[Opening INFORMATION GIVEN section]
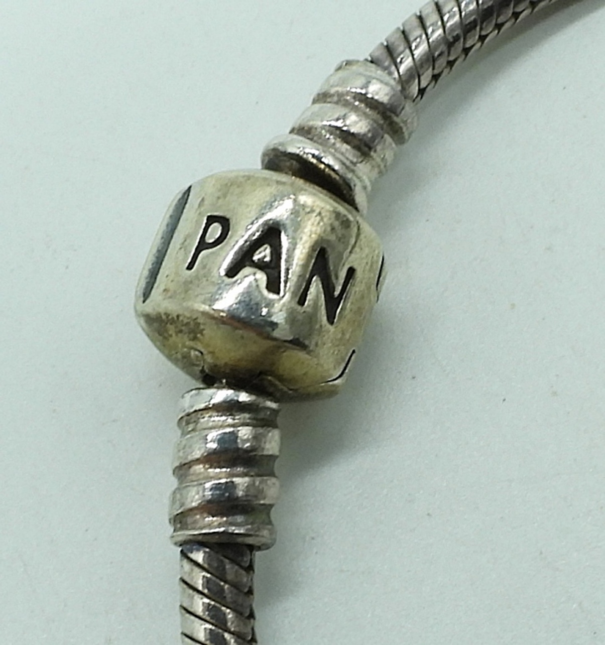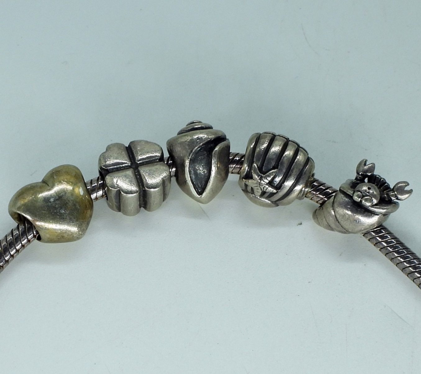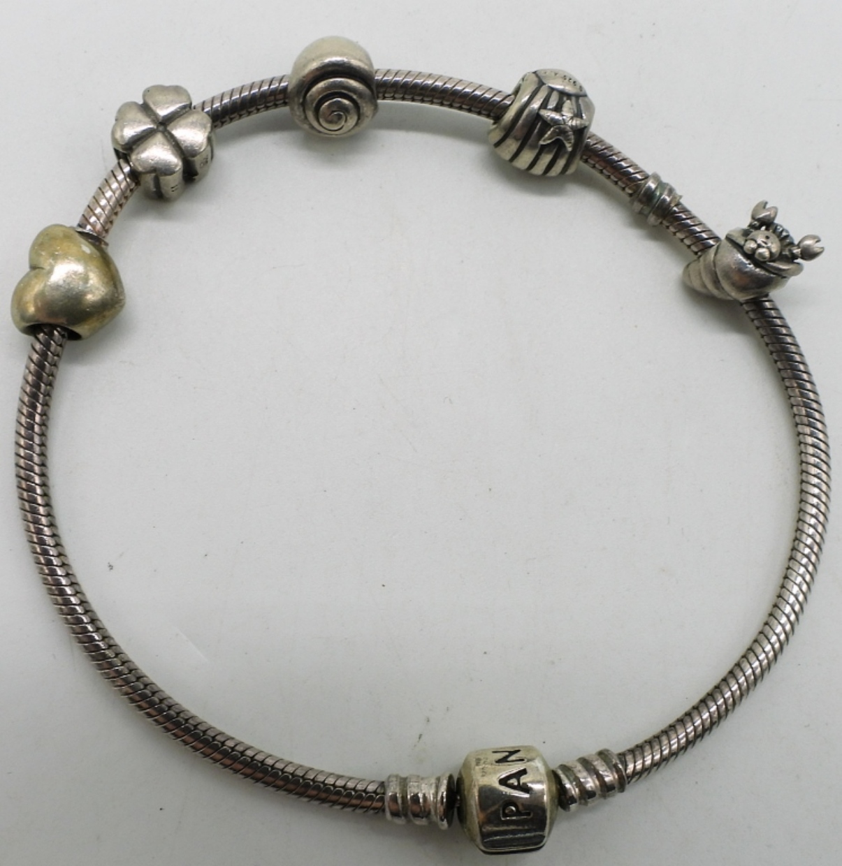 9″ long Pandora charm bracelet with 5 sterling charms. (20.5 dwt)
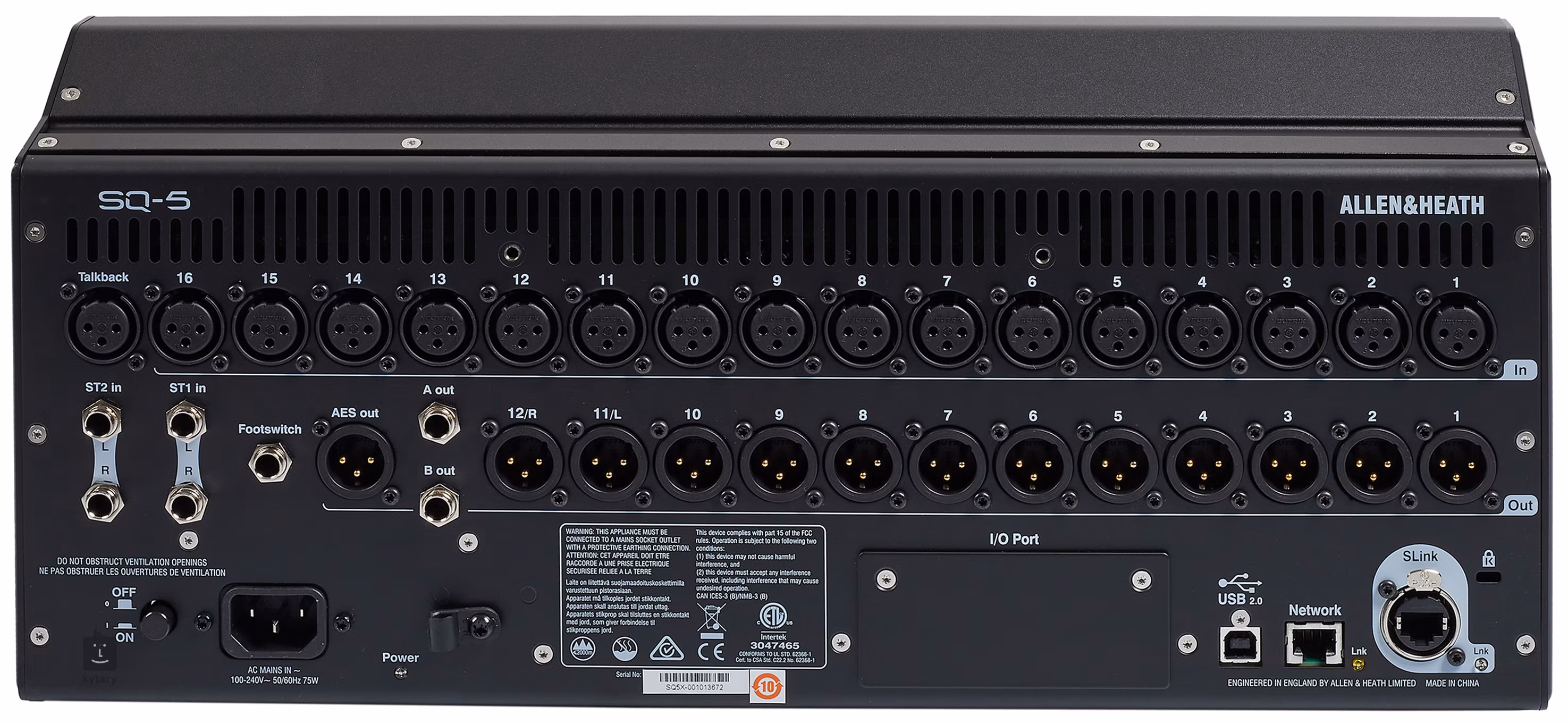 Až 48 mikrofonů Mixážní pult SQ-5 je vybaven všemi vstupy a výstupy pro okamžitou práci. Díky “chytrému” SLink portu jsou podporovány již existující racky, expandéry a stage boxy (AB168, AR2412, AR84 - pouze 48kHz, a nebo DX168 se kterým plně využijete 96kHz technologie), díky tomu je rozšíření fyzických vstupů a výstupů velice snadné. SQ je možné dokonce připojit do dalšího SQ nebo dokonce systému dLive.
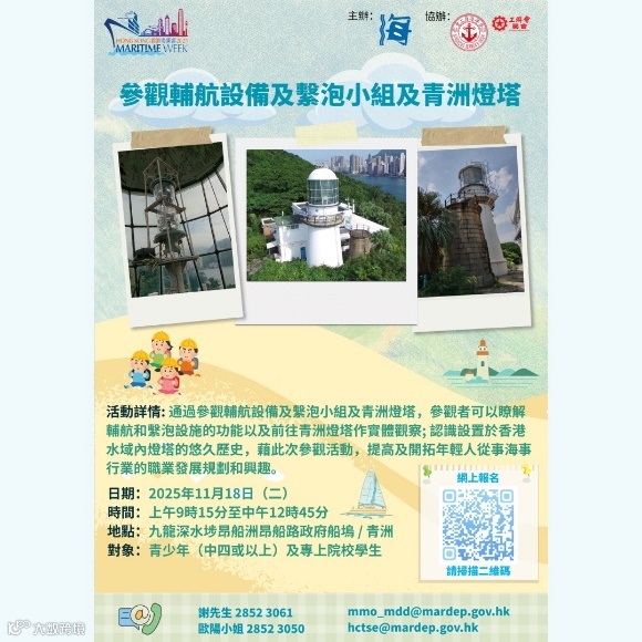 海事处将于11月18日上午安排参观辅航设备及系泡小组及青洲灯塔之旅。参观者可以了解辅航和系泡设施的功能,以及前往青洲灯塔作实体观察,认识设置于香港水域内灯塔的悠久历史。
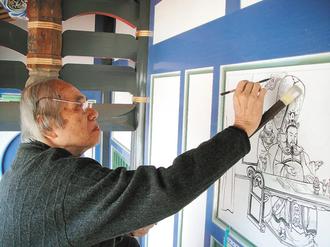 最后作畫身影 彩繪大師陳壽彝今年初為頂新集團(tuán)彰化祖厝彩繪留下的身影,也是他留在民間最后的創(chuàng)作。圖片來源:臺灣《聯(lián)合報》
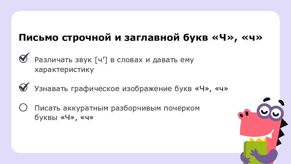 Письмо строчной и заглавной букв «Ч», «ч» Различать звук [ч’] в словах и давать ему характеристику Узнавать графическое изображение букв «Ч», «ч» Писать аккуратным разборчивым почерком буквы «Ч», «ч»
[Closing INFORMATION GIVEN section]
### EXERCISE DETAILS
Copy the records exactly as they appear, leaving every picture out.

### EXERCISE RESPONSE
 9″ long Pandora charm bracelet with 5 sterling charms. (20.5 dwt)
 Až 48 mikrofonů Mixážní pult SQ-5 je vybaven všemi vstupy a výstupy pro okamžitou práci. Díky “chytrému” SLink portu jsou podporovány již existující racky, expandéry a stage boxy (AB168, AR2412, AR84 - pouze 48kHz, a nebo DX168 se kterým plně využijete 96kHz technologie), díky tomu je rozšíření fyzických vstupů a výstupů velice snadné. SQ je možné dokonce připojit do dalšího SQ nebo dokonce systému dLive.
 海事处将于11月18日上午安排参观辅航设备及系泡小组及青洲灯塔之旅。参观者可以了解辅航和系泡设施的功能,以及前往青洲灯塔作实体观察,认识设置于香港水域内灯塔的悠久历史。
 最后作畫身影 彩繪大師陳壽彝今年初為頂新集團(tuán)彰化祖厝彩繪留下的身影,也是他留在民間最后的創(chuàng)作。圖片來源:臺灣《聯(lián)合報》
 Письмо строчной и заглавной букв «Ч», «ч» Различать звук [ч’] в словах и давать ему характеристику Узнавать графическое изображение букв «Ч», «ч» Писать аккуратным разборчивым почерком буквы «Ч», «ч»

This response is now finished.